Other embodiments include a light assembly for generating a light pattern, the assembly comprising a first light module including a first LED array and a first lens, the first LED array including at least a first line of LEDs where each LED in the first array generates an LED light pattern, the first lens arranged adjacent the first LED array to project light from the first LED array forming a first light pattern including separate adjacent illumination fields corresponding to each LED in the first LED array and a second light module including a second LED array and a second lens, the second LED array including at least a second line of LEDs where each LED in the second array generates an LED light pattern, the second lens arranged adjacent the second LED array to project light from the second LED array forming a second light pattern including separate adjacent illumination fields corresponding to each LED in the second LED array, wherein the first and second light modules are arranged with the first light pattern misaligned with the second light pattern so that at least a subset of the illumination fields in the first light pattern overlap at least two illumination fields in the second light pattern to generate a combined light pattern.
In some embodiments the first and second light modules are arranged with the first and second light patterns misaligned so that at least one illumination field in the first light pattern overlaps each two adjacent illumination fields in the second light pattern and at least one illumination field in the second light pattern overlaps each two adjacent illumination fields in the first light pattern.

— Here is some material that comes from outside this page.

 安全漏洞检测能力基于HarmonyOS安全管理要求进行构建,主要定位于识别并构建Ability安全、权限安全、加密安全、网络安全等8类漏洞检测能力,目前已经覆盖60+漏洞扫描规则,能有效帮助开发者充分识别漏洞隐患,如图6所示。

Yet other embodiments include a light assembly for generating a light pattern, the assembly comprising a plurality of LEDs mounted in a line, at least a first lens positioned in front of the LEDs to direct light from each LED into an illumination field associated with the LED wherein the illumination fields of energized LEDs together create an illumination pattern and wherein a first edge illumination field is at one end of the illumination pattern and a second edge illumination field is at another end of the illumination pattern opposite the one end and a processor controlling the LED duty cycles to move the illumination pattern projected by the at least a first lens in a first direction to the side of the first edge illumination field opposite the second edge illumination field by (i) increasing the duty cycle of an LED associated with the first edge illumination field while simultaneously decreasing the duty cycle of an LED associated with the second edge illumination field until the duty cycles of the LEDs associated with the first and second edge illumination fields are maximum and minimum duty cycles, respectively and (ii) repeating step (i) with the illumination field adjacent the first edge illumination field in the first direction as the first edge illumination field and with the illumination field adjacent the second edge illumination field in the first direction as the second edge illumination field the maximum and minimum duty cycles are 100% and 0% duty cycles at least one LED is driven with 100% duty cycle at any time only three LEDs in the plurality of LEDs are driven at a non-zero duty cycle at any time.

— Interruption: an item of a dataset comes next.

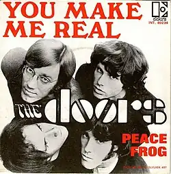 "Peace Frog" is a song by the Doors, which was released on their fifth studio album Morrison Hotel in 1970. Guitarist Robby Krieger explained that the music was written and recorded first, with the lyrics later coming from poems by singer Jim Morrison.[1] Although the song was never released as a single in the US, it was issued as the B-side of "You Make Me Real" in France.

In some embodiments the processor is also for controlling the LED duty cycles to move the illumination pattern projected by the lens in a second direction to the side of the second edge illumination field opposite the first edge illumination field by (iii) increasing the duty cycle of an LED associated with the second edge illumination field while simultaneously decreasing the duty cycle of an LED associated with the first edge illumination field until the duty cycles of the LEDs associated with the second and first edge illumination fields are maximum and minimum duty cycles, respectively and (iv) repeating step (iii) with the illumination field adjacent the second edge illumination field in the second direction as the second edge illumination field and with the illumination field adjacent the first edge illumination field in the second direction as the first edge illumination field.
In some cases the plurality of LEDs includes first and second banks of LEDs arranged in a line and wherein the at least a first lens includes first and second lenses where the first lens is positioned in front of the first bank of LEDs to direct light from each LED in the first bank into an illumination field associated with the LED and the second lens is positioned in front of the second bank of LEDs to direct light from each LED in the second bank into an illumination field associated with the LED wherein the illumination fields of energized LEDs in the first and second banks together create the illumination pattern and wherein a separate illumination field associated with the first bank LEDs overlaps each two adjacent illumination fields associated with the second bank while a separate illumination field associated with the second bank LEDs overlaps each two adjacent illumination fields associated with the first bank. In some embodiments no more than two LEDs in the first and second LED banks are driven at partial duty cycles at one time.
Some embodiments include a method for smoothly moving a light pattern across a space, the method for use with a plurality of LEDs mounted in a line and at least a first lens positioned in front of the LEDs to direct light from each LED into an illumination field associated with the LED wherein the illumination fields of energized LEDs together create an illumination pattern and wherein a first edge illumination field is at one end of the illumination pattern and a second edge illumination field is at another end of the illumination pattern opposite the one end, the method comprising the steps of providing a processor programmed to perform the steps of, controlling LED duty cycles to move the illumination pattern projected by the at least a first lens in a first direction to the side of the first edge illumination field opposite the second edge illumination field by (i) increasing the duty cycle of an LED associated with the first edge illumination field while simultaneously decreasing the duty cycle of an LED associated with the second edge illumination field until the duty cycles of the LEDs associated with the first and second edge illumination fields are maximum and minimum duty cycles, respectively, and (ii) repeating step (i) with the illumination field adjacent the first edge illumination field in the first direction as the first edge illumination field and with the illumination field adjacent the second edge illumination field in the first direction as the second edge illumination field.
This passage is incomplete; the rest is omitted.